Oleh: Mujahid Wahyu
(Analis Ar roya Center)
Upaya menghalangi atau setidaknya
menekan laju percepatan kebangkitan islam terus dilakukan oleh para pembenci.
Setelah gagal dengan strategi mega proyek terorisme, kini mereka berpindah ke
strategi lain yaitu radikalisme. Meminjam istilah George W Bush dengan redaksi
yang sedikit berbeda yakni “ you with us or with terrorist (radicalist)”, maka
tujuan narasi radikalisme apalagi kalau bukan membuat polarisasi di tubuh kaum
muslimin. Polarisasi inilah yang merupakan strategi baku dari para pembenci
untuk melemahkan umat islam, menjauhkannya dari persatuan, dan mendekatkannya
pada perpecahan.
Polarisasi semakna dengan politik
belah bambu atau dalam istilah kamus penjajahan belanda dikenal dengan devide
et impera. Antonio Gramsci (1981-1937) memberikan istilah politik belah bambu
dengan stick and carrot. Jika sejalan dengan keinginan penguasa, maka penguasa
akan memberi carrot, namun sebaliknya jika tidak maka bersiaplah mendapatkan
stick. Hal tersebut sama dengan pengistilahan belah bambu. Pada proses pembelahan
bambu, sebagian bambu diinjak, sebagian lagi diangkat. Kedua analogi tersebut
sama tujuannya yaitu membuat polarisasi atau pengkubuan dan menjauhkannya dari
persatuan. Inilah yang hari ini dialami oleh kaum muslimin dengan narasi-narasi
yang diciptakan penguasa seperti radikal vs moderat, radikalis vs pancasilais,
intoleran vs toleran dan lain sebagainya. Dari berbagai narasi tersebut, hari
ini yang mendapatkan porsi maksimal adalah narasi radikalisme.
Narasi ini (baca: radikalisme)
tidak jelas definisinya, namun sangat jelas siapa yang disasar. Makna dalam
hukumnya juga abu-abu, namun sangsi yang diterima para tertuduhnya jelas dan
tidak abu-abu. Siapa yang disasar dan siapa yang dituduh sama dengan proyek
terorisme, siapa lagi kalau bukan kaum muslimin. Semua korban narasi dan
labelisasi radikal adalah kaum muslimin. OPM (Organisasi Papua Merdeka) yang
nyata-nyata ingin lepas dari bumi pertiwi dan menggunakan cara-cara kekerasan
bahkan telah terbukti beberapa kali membunuh aparat tidak pernah sama sekali
distempel dan dinarasikan dengan cap radikal atau teroris. Mengapa demikian?

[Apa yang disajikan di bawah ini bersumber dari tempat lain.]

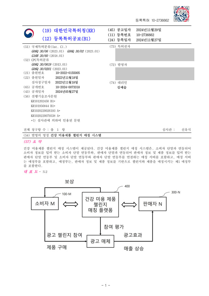 이와 같은 차별점을 기반으로 전략적인 특허출원을 진행하여 최종적으로 특허등록에

Sekali lagi, karena mereka bukan orang islam. Menjadi sangat jelas dan tidak
ada hijabnya sama sekali bahwa radikalisme adalah narasi pecah bambu oleh para
pembenci kebangkitan islam.
Narasi yang berujung pada
stigmatisasi atau labelisasi negatif bukanlah hal yang asing bagi kaum
muslimin. Ketika dakwah Rosululloh SAW mulai membahayakan penguasa kafir qurays
Mekkah, maka para penguasa waktu itu membuat narasi-narasi jahat untuk
menjauhkan penduduk Mekkah dengan Rosululloh SAW. Salah satu narasi jahat yang
disematkan kepada Rosululloh SAW adalah narasi yang diusulkan oleh Walid bin
Mughiroh. Walid bin Mughiroh saat itu mengusulkan di tengah forum bahwa
Rosululloh SAW adalah tukang sihir lewat ucapan. Inilah narasi yang disepakati
bersama oleh para petinggi Quraysi di tengah adanya usulah semisal Muhammad
dukun, Muhammad gila, dan Muhammad tukang sihir. Lalu bagaimana keberakhiran
dari narasi-narasi jahat tersebut? Tidak lain hanyalah sebuah kesia-siaan
belaka. Dakwah terus berkembang, melenyapkan kebatilan dan para pengusungnya.
Narasi-narasi jahat seperti radikalis nasibnya tidak berbeda alias sama. Maka
bersabarlah dalam fase ini dan teruslah berdo’a agar Alloh memberikan keistiqomahan
dalam berislam kita, teguh memperjuangkan al qur’an dan as sunah dan senantiasa
mengupayan persatuan di tengah-tengah kaum muslimin.